Sven Anders Gärderud (born 28 August 1946) is a Swedish former track and field athlete, winner of the 3000 m steeplechase event at the 1976 Summer Olympics in Montreal.

Gärderud was born to an orienteering competitor, and was an accomplished orienteer himself, winning a team gold medal at the 1977 Swedish Championships. He initially trained in orienteering and changed sports by chance – he was banned from running in the woods in autumn 1961 due to a jaundice epidemic and wandered into an athletic hall.

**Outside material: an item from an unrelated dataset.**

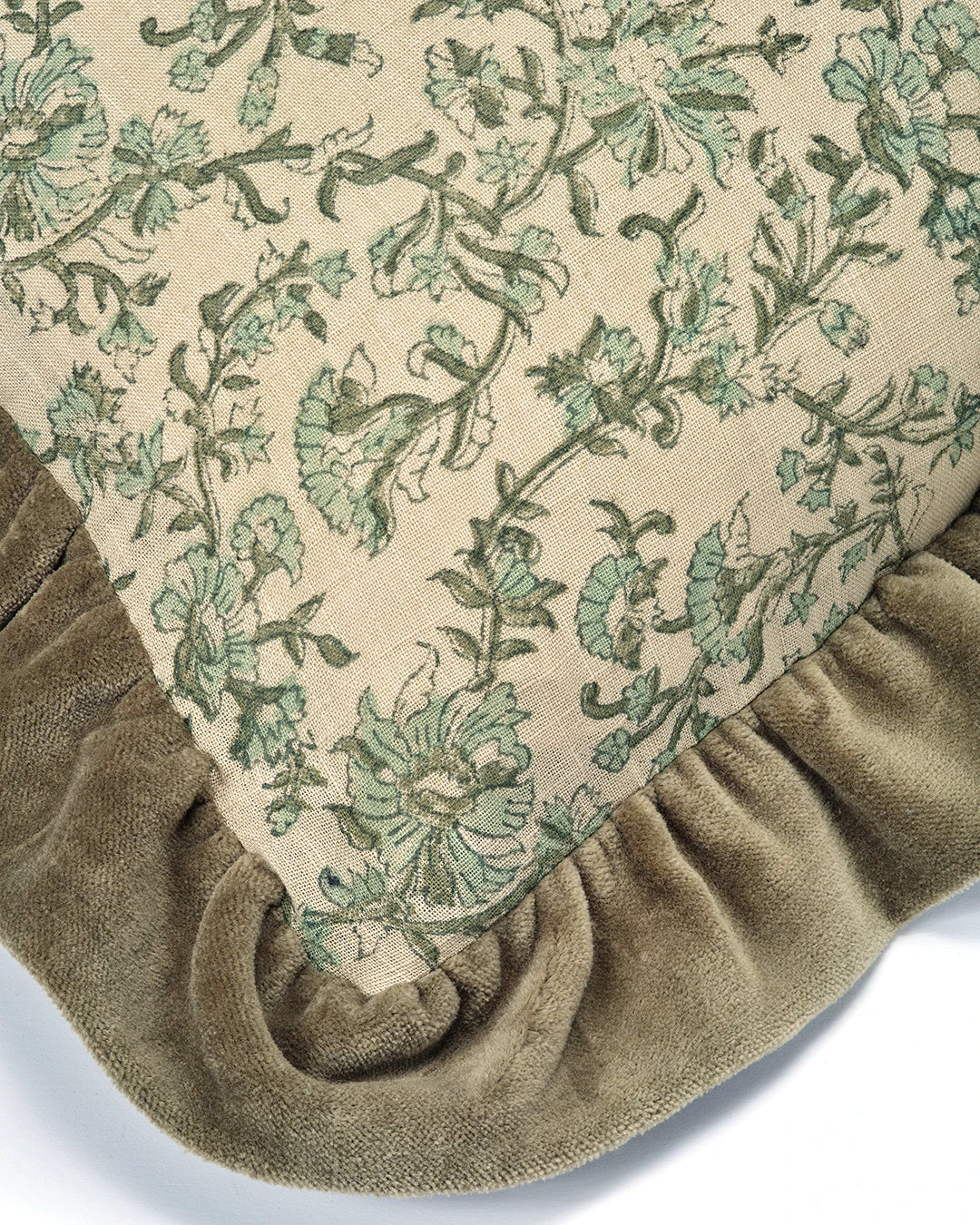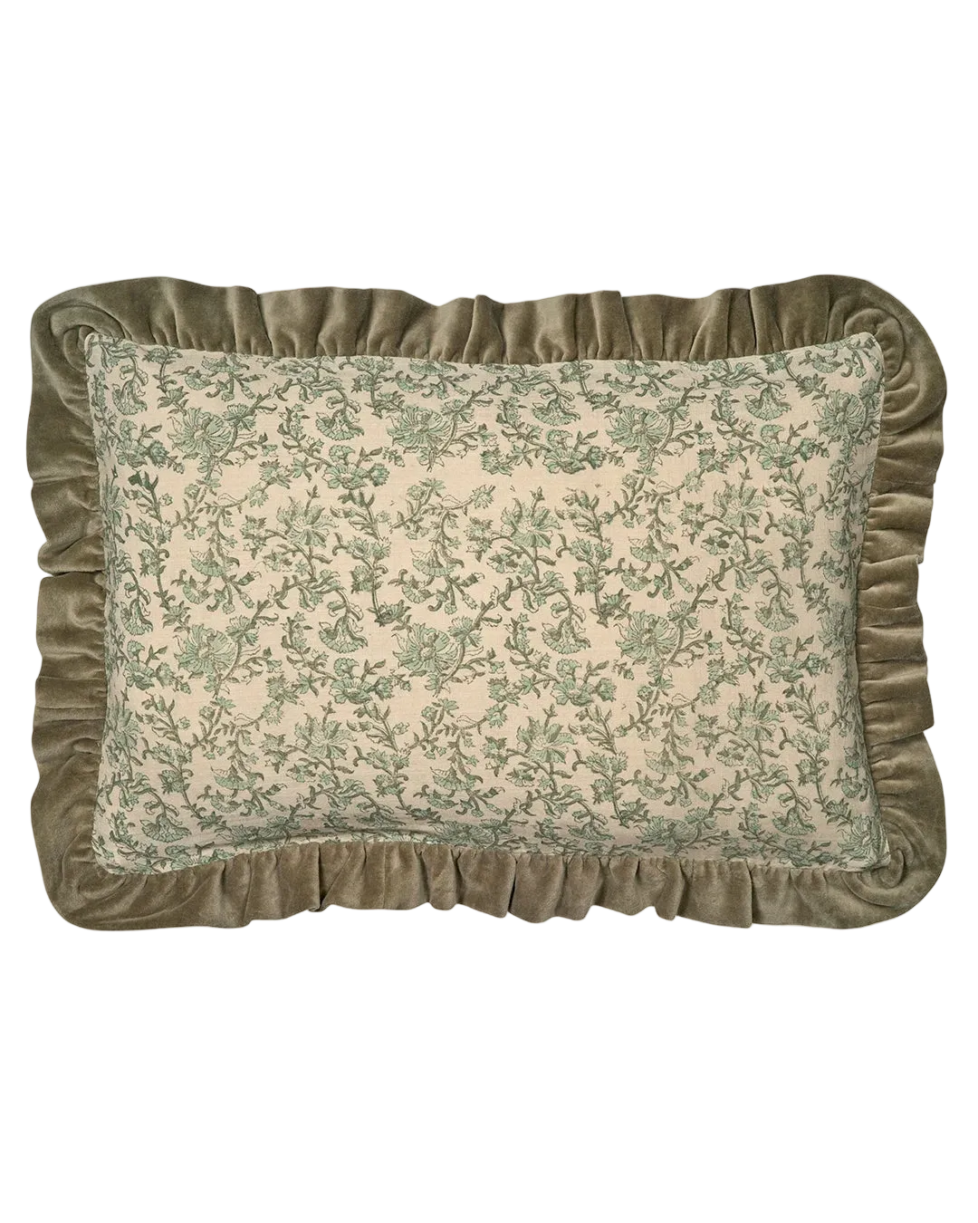 Kissenbezug Tendril in Grün, 40x60 cm. Gefertigt aus Baumwolle mit traditionellem Blockprint, wodurch jedes Stück ein individuelles Aussehen erhält. Der Rand aus weichem Baumwollsamt setzt einen feinen Kontrast zwischen Struktur und Glanz. Ideal als dekoratives Kissen auf Sofa oder Bett.

Gärderud experimented with several events before focusing on the 3000 m steeplechase. His first major competition were the 1968 Summer Olympics, where he was eliminated in the heats of 800 m and 1500 m. In the following years, Gärderud concentrated on the steeplechase, and was already a main favorite at the 1972 Summer Olympics, but, suffering from a cold, he was eliminated in his heat. Gärderud was also eliminated in the heats of the 5000 m at the Olympics, but only seven days later, he set a new 3000 m steeplechase world record at 8:20.8.

At the 1974 European Championships in Rome, Gärderud was beaten by Bronisław Malinowski of Poland, yet next year he broke the 3000 m steeplechase world record three times.

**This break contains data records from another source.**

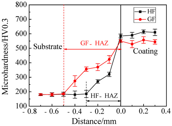 Figure 10 shows the microhardness distribution curve of the HF and GF coatings along the depth of the layer. It can be observed that the microhardness distribution of the HF and GF coating presents three areas, which are the coating, the HAZ and the substrate. The result shows that the average microhardness of 27SiMn steel substrate is 175 HV0.3. The average microhardness of the HF coating is 604 HV0.3 and is 9.4% higher than that of the GF coating (543 HV0.3). Because the substrate absorbs part of the heat generated by the laser during the laser cladding, a transition zone (HAZ) is generated at the lower part of the interface, and the microhardness of HAZ will gradually decrease and approach the substrate. During the HF process, due to the impact of the high-speed running powder, the microstructure of the coating changes from coarse columnar crystals to fine grains. In addition, the HF process has a faster scanning speed, which increases the cooling rate of the coating during solidification. The fast cooling rate is beneficial to the formation of uniform and fine microstructure during the cladding process, which also improves the microhardness of the coating [34].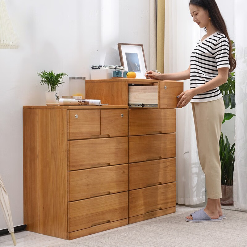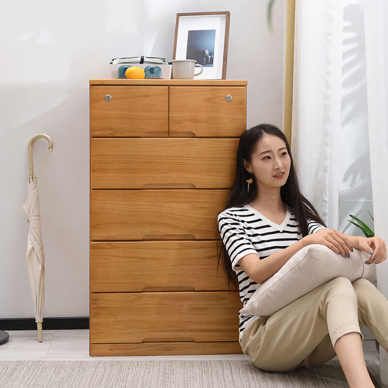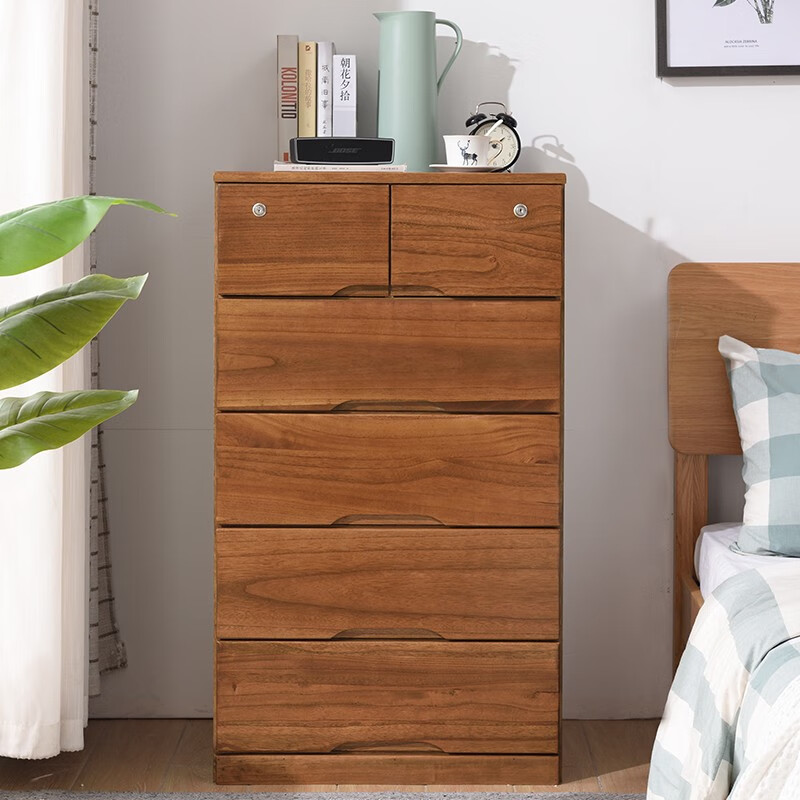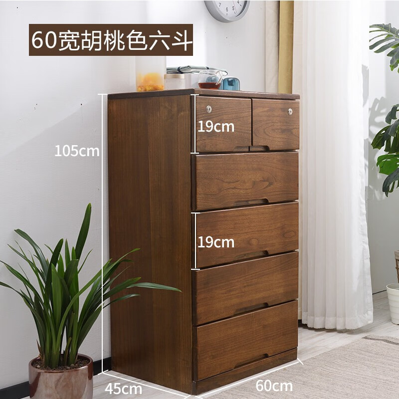 亦照斗柜实木家用抽屉式收纳柜客厅衣服储物柜卧室床头柜夹缝置物柜 60宽全实木胡桃色六斗柜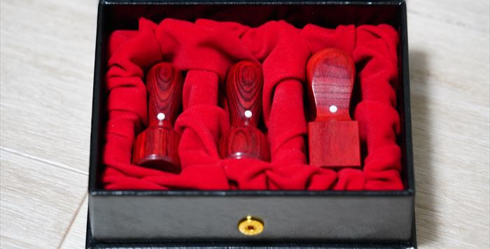 印鑑の素材には、柘(つげ)・薩摩本柘(さつまほんつげ)・彩樺(さいか)・水牛・チタンといったものがあります。
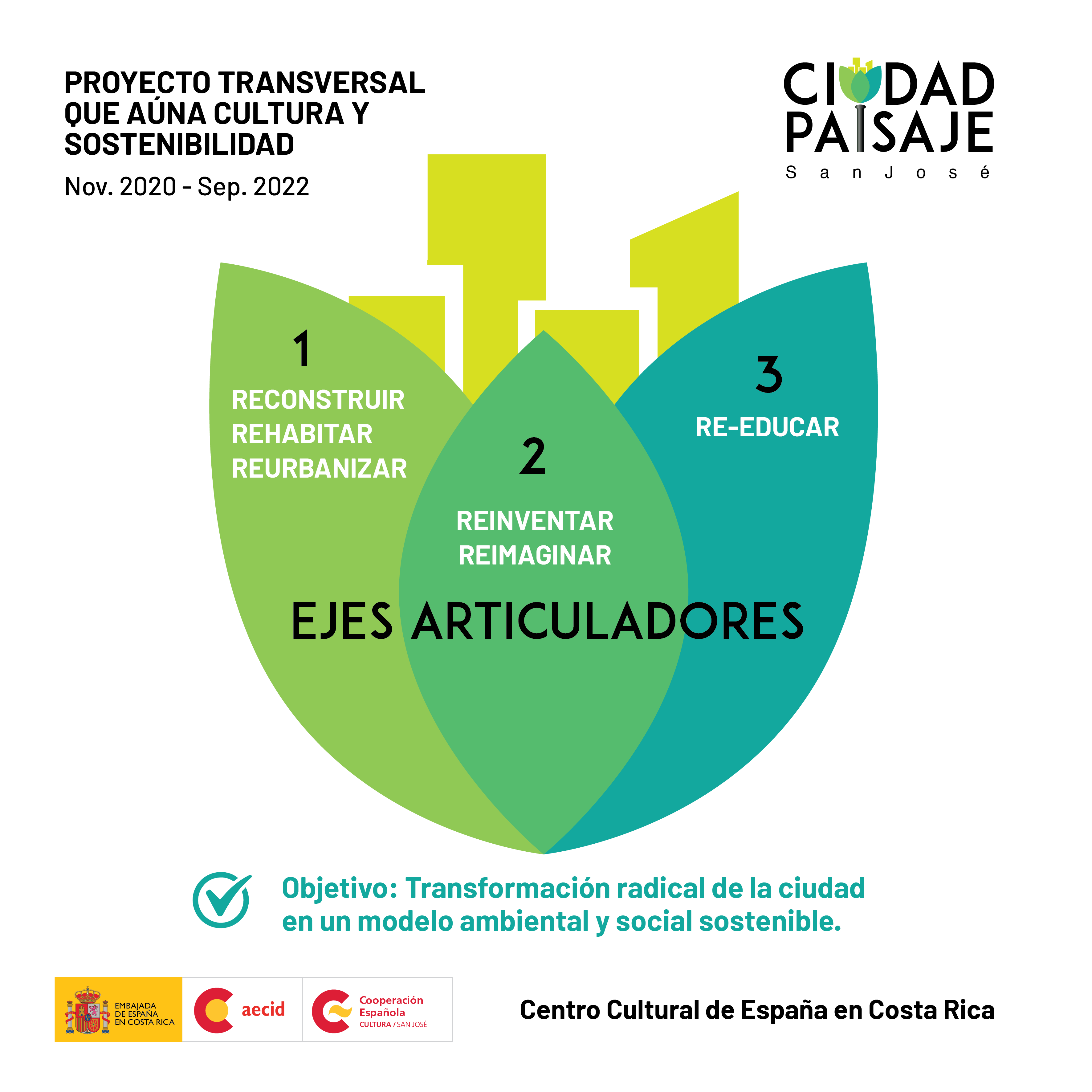 - Poner en valor a San José en el marco del plan de Carbono Cero de Costa Rica, a partir de un proyecto global, de transformación integral a través de las artes, la arquitectura, el urbanismo, la vegetación y el diseño.

The culmination of Gärderud's career was at the 1976 Summer Olympics, where after a stirring contest with Malinowski and Frank Baumgartl, Gärderud won the gold medal in a new world record of 8:08.02. His victory in that event would earn him a share of the Svenska Dagbladet Gold Medal with cyclist Bernt Johansson.

After retiring from competitions Gärderud worked as a TV commentator of athletics events and as the head coach of the Swedish athletics team. In 1986 he married Annika Johansson.

Competition record

References

1946 births
Living people
Athletes from Stockholm
Swedish male middle-distance runners
Swedish male long-distance runners
Swedish male steeplechase runners
Olympic athletes of Sweden
Olympic gold medalists for Sweden

Athletes (track and field) at the 1968 Summer Olympics
Athletes (track and field) at the 1972 Summer Olympics
Athletes (track and field) at the 1976 Summer Olympics
European Athletics Championships medalists
World record setters in athletics (track and field)
Medalists at the 1976 Summer Olympics
Olympic gold medalists in athletics (track and field)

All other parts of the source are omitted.